# Some of my Photography



## Saul_Dzorelashvili (Jan 26, 2010)

Some of my Photographs

Canon T1i - 18-55 mm IS lens

In and around NYC.

Cheers,

Saul

Peaceful Evening










The Bridge










Morning at Folgenart










The Conversation










Reading










Ocean Mood


----------



## Manxfeeder (Oct 19, 2010)

Nice. Thanks.


----------



## Saul_Dzorelashvili (Jan 26, 2010)

Thanks...........


----------



## Huilunsoittaja (Apr 6, 2010)

I like them! I like the 3rd one with the moon, looks like a painting.


----------



## Weston (Jul 11, 2008)

Where's the "Like" button? Thanks for sharing these.


----------



## Aksel (Dec 3, 2010)

I really like some of these. Especially the first and third ones. They are really stunning nature scenes.


----------



## jurianbai (Nov 23, 2008)

I see a very unique blur effect, may ask did you done post editting via photoshop?

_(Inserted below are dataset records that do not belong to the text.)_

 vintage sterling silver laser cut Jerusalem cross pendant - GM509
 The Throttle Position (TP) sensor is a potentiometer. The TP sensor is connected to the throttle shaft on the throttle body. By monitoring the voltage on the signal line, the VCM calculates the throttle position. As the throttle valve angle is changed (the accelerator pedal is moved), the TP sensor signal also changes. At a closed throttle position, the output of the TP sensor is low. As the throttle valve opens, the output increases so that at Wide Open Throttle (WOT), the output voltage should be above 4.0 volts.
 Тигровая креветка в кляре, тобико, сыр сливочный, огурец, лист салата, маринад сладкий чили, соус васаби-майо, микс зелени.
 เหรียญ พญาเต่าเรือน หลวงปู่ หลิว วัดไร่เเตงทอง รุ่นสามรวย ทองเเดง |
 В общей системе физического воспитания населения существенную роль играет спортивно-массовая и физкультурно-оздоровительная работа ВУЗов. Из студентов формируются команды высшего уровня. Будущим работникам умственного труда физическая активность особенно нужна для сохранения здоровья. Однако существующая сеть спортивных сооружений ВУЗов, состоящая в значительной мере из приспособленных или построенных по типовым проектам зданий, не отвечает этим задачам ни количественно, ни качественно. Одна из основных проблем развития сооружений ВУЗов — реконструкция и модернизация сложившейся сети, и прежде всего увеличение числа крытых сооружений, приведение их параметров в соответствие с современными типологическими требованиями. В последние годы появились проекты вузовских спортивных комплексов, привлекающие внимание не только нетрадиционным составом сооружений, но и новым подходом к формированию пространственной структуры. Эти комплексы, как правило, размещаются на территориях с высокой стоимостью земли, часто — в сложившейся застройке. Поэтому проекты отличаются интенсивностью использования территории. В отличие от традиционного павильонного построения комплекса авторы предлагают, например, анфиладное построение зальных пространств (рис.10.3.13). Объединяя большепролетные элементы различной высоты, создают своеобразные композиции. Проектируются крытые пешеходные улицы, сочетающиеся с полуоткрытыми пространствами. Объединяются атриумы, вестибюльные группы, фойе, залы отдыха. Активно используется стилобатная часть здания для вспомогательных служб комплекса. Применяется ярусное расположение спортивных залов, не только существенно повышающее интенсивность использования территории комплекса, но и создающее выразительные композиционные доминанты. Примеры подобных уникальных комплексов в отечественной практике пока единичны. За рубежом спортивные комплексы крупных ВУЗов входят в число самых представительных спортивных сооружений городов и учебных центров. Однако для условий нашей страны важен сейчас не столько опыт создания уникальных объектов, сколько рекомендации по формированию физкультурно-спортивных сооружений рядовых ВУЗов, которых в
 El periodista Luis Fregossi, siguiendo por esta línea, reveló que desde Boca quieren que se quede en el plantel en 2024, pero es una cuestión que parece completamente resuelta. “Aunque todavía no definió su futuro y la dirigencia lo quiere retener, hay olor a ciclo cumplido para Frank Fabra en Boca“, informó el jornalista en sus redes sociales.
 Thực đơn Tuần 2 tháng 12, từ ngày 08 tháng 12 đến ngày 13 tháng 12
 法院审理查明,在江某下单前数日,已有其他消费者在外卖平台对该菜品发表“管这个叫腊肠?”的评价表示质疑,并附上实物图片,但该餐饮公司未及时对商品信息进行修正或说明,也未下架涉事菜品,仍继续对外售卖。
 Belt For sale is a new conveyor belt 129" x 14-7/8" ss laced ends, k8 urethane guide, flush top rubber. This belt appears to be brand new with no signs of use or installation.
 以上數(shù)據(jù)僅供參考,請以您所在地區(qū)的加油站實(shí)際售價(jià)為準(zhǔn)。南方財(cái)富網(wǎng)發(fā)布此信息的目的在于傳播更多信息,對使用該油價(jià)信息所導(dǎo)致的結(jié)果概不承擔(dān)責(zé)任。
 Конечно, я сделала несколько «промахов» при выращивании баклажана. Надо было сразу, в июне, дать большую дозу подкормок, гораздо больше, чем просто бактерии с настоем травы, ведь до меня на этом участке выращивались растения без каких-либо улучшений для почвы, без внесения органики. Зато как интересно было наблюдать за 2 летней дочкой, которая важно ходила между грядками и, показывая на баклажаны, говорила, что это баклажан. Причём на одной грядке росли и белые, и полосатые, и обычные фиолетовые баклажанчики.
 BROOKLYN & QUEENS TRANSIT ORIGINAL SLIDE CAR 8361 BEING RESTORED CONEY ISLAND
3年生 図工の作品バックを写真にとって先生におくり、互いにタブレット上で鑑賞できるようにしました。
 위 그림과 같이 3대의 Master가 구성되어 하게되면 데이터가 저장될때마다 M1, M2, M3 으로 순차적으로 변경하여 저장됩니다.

Like them, I enjoy photography.


----------



## emiellucifuge (May 26, 2009)

First two and the fifth are brilliant, thanks for sharing.


----------



## Saul_Dzorelashvili (Jan 26, 2010)

Thanks everyone for you kind and supporting words.

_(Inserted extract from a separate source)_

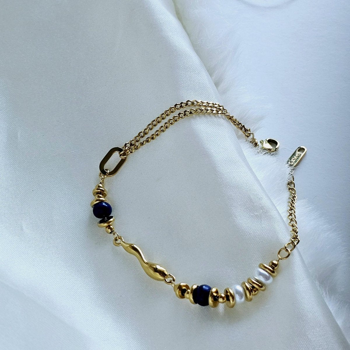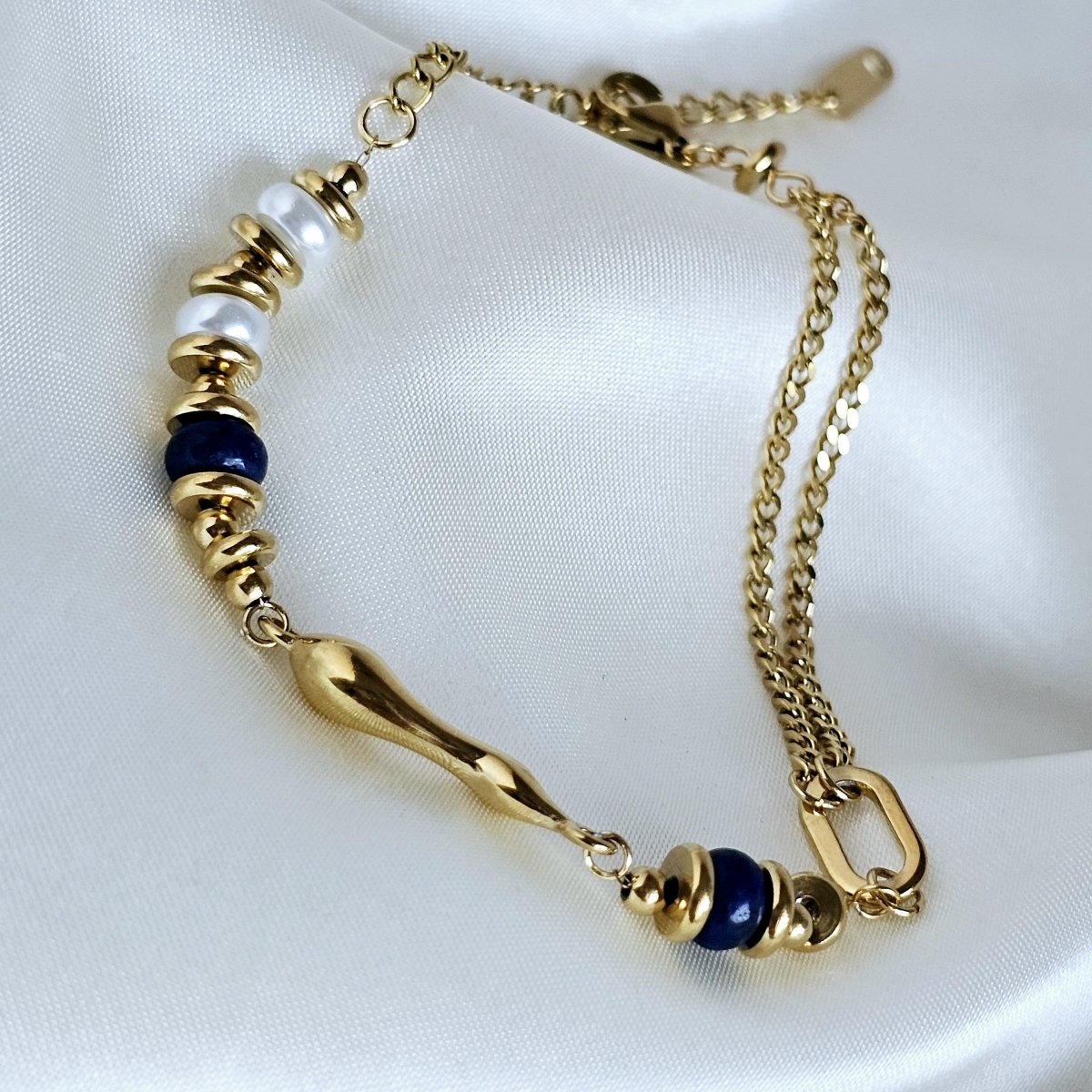 Choose from a Blue bead & Pearl double layered Cuban Chain and a minimalistic round Pearl & Gold chain bracelet. These are the perfect stacking pieces or solo wear.

Yes, I did some editing with photoshop, mostly with the 3rd one, 'Morning in Folgenart'.

Here are few more:

The Couple










The Orange Tree










At the Park with Mummy










The Train










Relaxing in the Evening










The Morning is Never Late


----------



## karenpat (Jan 16, 2009)

Very nice  I especially loved the "reading" and "the couple" photos. Both my sister and a family friend are eager photographers and I would love to learn more from them, but things always gets in the way...........like my self-confidence..


----------



## Saul_Dzorelashvili (Jan 26, 2010)

karenpat said:


> Very nice  I especially loved the "reading" and "the couple" photos. Both my sister and a family friend are eager photographers and I would love to learn more from them, but things always gets in the way...........like my self-confidence..


Thanks,

Self confidence will come if you begin.

Regards


----------



## Yoshi (Jul 15, 2009)

They are beautiful.
Nice work


----------



## Saul_Dzorelashvili (Jan 26, 2010)

Thank you Jan!


----------



## HarpsichordConcerto (Jan 1, 2010)

Not bad. I think you probably have more talent as a photographer than as a composer of music.


----------



## Saul_Dzorelashvili (Jan 26, 2010)

HarpsichordConcerto said:


> Not bad. I think you probably have more talent as a photographer than as a composer of music.


Not really.

I think that you think this way because you like my photography better then my music, but that doesnt mean that I have more talent for photography then music...

Sort it out...


----------



## KJohnson (Dec 31, 2010)

The world is so beautiful. Humans have made it prettier.


----------



## Saul_Dzorelashvili (Jan 26, 2010)

KJohnson said:


> The world is so beautiful. Humans have made it prettier.


Nice Line...


----------



## emiellucifuge (May 26, 2009)

KJohnson said:


> The world is so beautiful. Humans have made it prettier.


Really?

This









Or this


----------



## Yoshi (Jul 15, 2009)

I'm so glad that there are many places like the first picture where I live. But how long will they last?


----------



## Saul_Dzorelashvili (Jan 26, 2010)

Jan said:


> I'm so glad that there are many places like the first picture where I live. But how long will they last?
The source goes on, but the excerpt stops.